Today was our monthly potluck at work. Our department manager is retiring after 32 years so along with the usual fare, there was also scheduled to be a roast or at least a time for everyone to share stories about him. I've known F.C. for most of my life. It wasn't until I got older that I actually knew him. Before then he was just one of a handful of guys that all worked together and were in the stories that my dad told when he got home.
This was only the second retirement celebration I've been to in the last 11 years since my dad died. The first time was for another guy that while he wasn't one of the "inner circle", I'd heard his name for years. At that celebration, I just felt anger that my dad would never have the opportunity to retire.
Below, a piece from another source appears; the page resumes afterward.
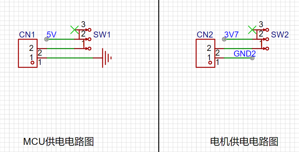 采用两路电源方案,一路为ESP32S3开发板供电,一路为电机供电,避免互相干扰。特别是摄像头,需要更稳定的电压,当电压低时,图像会有水波纹。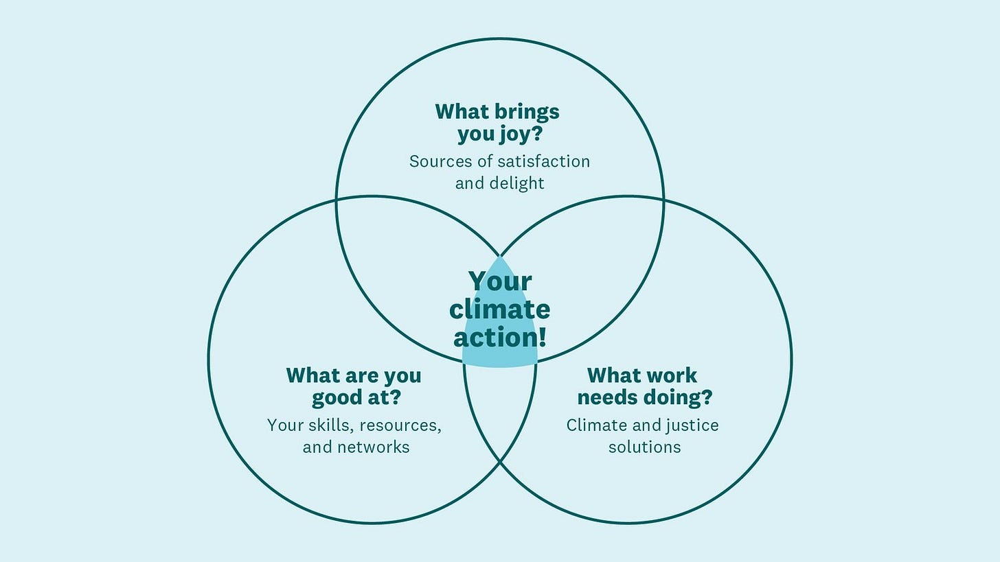 Dr. Ayana Elizabeth Johnson (marine biologist, policy expert, and leader in the climate communications world) details a beautifully simple roadmap for anyone to find their role in the climate movement, which she coined the Climate Venn Diagram:

This time was different.
Normally I would not have said anything. Instead, I would have just said what I was going to say in an email to him which would have been much easier. For some reason, I needed to say something out loud from my whole family. I started off by saying that I felt like I've known him and his wife (who was also there) for all my life. I started off really well but then the sorrow hit and I happened to glance at his wife and I failed the battle for composure miserably. I did finally squeak out that I speak for all of my family when I say that we *insert maiden name here* all wish him well. I hope he picked up the implication that I was speaking for my parents too.
Normal everyday conversation about my parents is relatively easy but at more meaningful times like this, it feels emotionally and physically like it all happened yesterday. It's not even 7:00 and I feel like I could go to bed for the night. So much for staying up for Grey's Anatomy's season premiere tonight.
3 comments:
Murf, good for you (for speaking on behalf of your family)!
Gosh, not only a sweetie but a softie as well. What happened to the calloused take no prisoners with her humor Murf that I used to know?
Ed - She's still here. Don't forget, I'm a Gemini.